I also know that Shemp was a terrible replacement for Curly - no one like Curly!


----------



## Ken N Tx (Sep 18, 2015)

SifuPhil said:


> Yes.
> 
> I also know that Shemp was a terrible replacement for Curly - no one like Curly!



Curly replaced Shemp...
._By the 1920s Moe had teamed up with boyhood-friend-turned-vaudeville star Ted Healy  in a "roughhouse" act. One day Moe spotted his brother Shemp in the  audience, and yelled at him from the stage. Quick-witted Shemp yelled  right back, and walked onto the stage. From then on he was part of the  act, usually known as "Ted Healy and His Stooges". On stage, Healy would  sing and tell jokes while his three noisy stooges would get in his way.  He would retaliate with physical and verbal abuse. His original stooges  were the Howard brothers and Larry Fine.
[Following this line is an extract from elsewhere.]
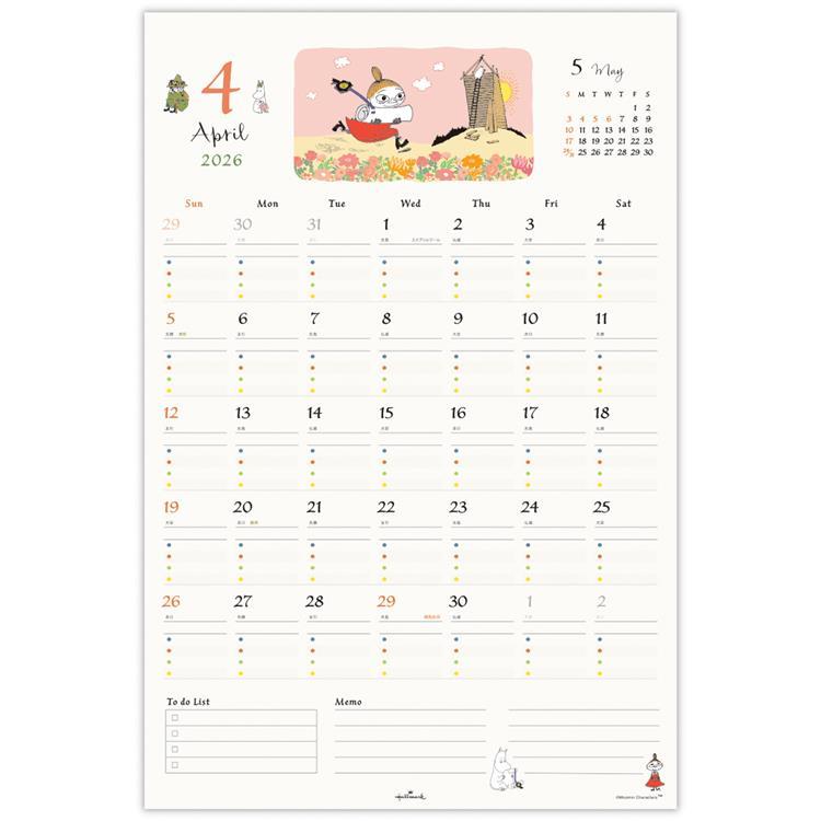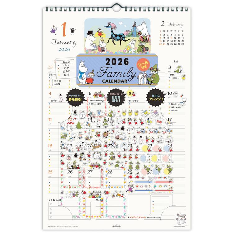 - 2026年1月始まりカレンダー 壁掛け ファミリー シール付き ムーミン
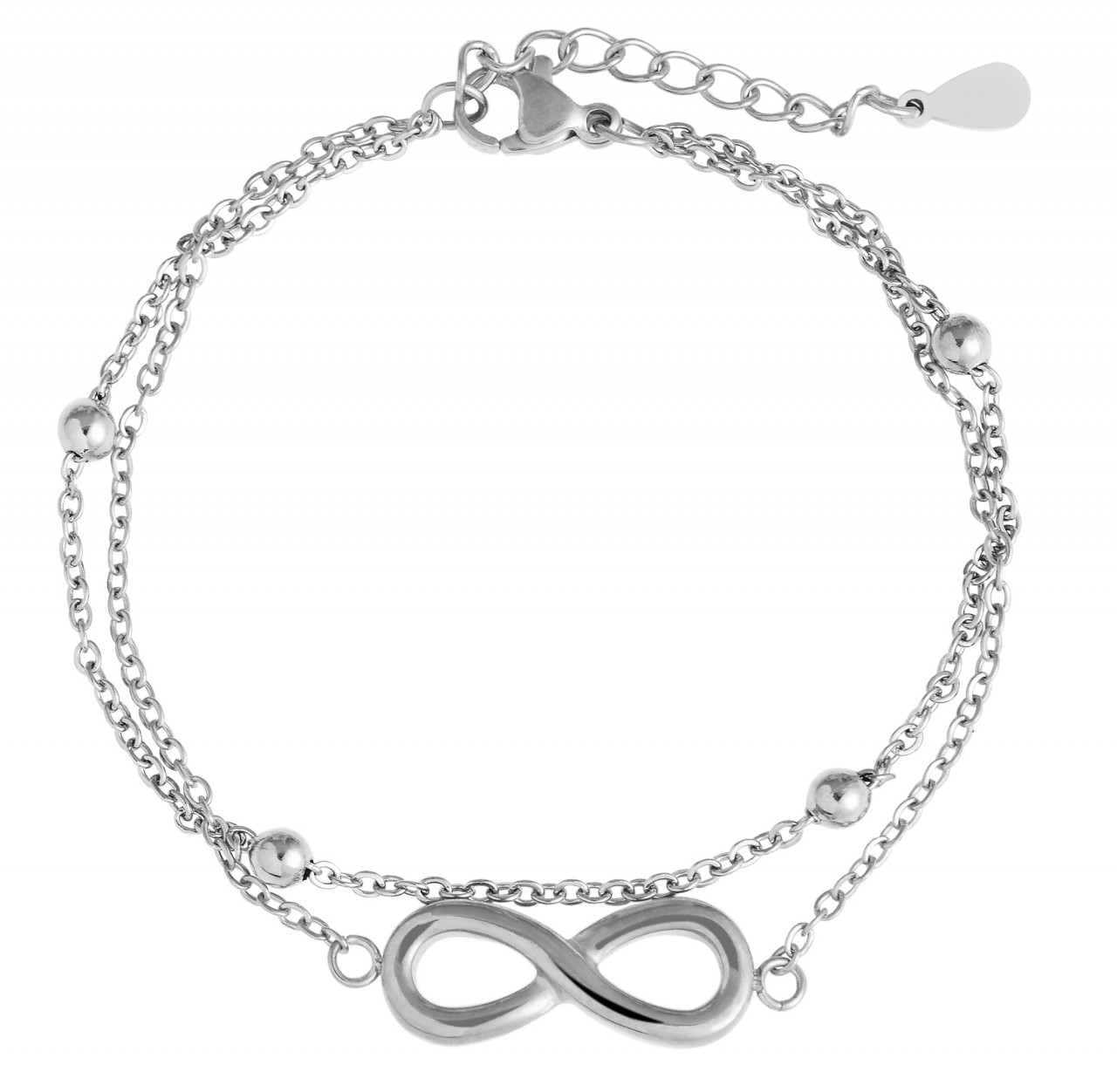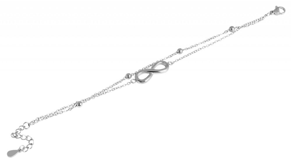 Pulseira Akzent de Corrente Prateada em Aço Inoxidável, modelo Irene. Com Largura de 0.8 cm, altura de 0.3 cm e comprimento de total de 17 cm com extensão de 3 cm.

Shemp played a bumbling fireman in the Stooges' first film, Soup to Nuts, the only film in which he plays one of Healy's gang. __Healy was always the main attraction of the act, and his stooges were  in constant disagreement with him over billing, money and management.  Tired of what he considered Healy's domineering handling of the Stooges'  career, Shemp left Healy's act in 1932 to pursue a solo film career and  was immediately replaced by his and Moe's younger brother, Jerry  (Curly).[SUP][3][/SUP]_


----------



## SifuPhil (Sep 18, 2015)

Perhaps I shouldn't have said "replacement" - my error. 

Maybe "the Third Stooge"?


----------



## AZ Jim (Sep 18, 2015)

I never liked them.  Way too corny and slapstick for my taste.


----------



## RadishRose (Sep 18, 2015)

I guessed it correctly but only after I almost fainted with fright!


----------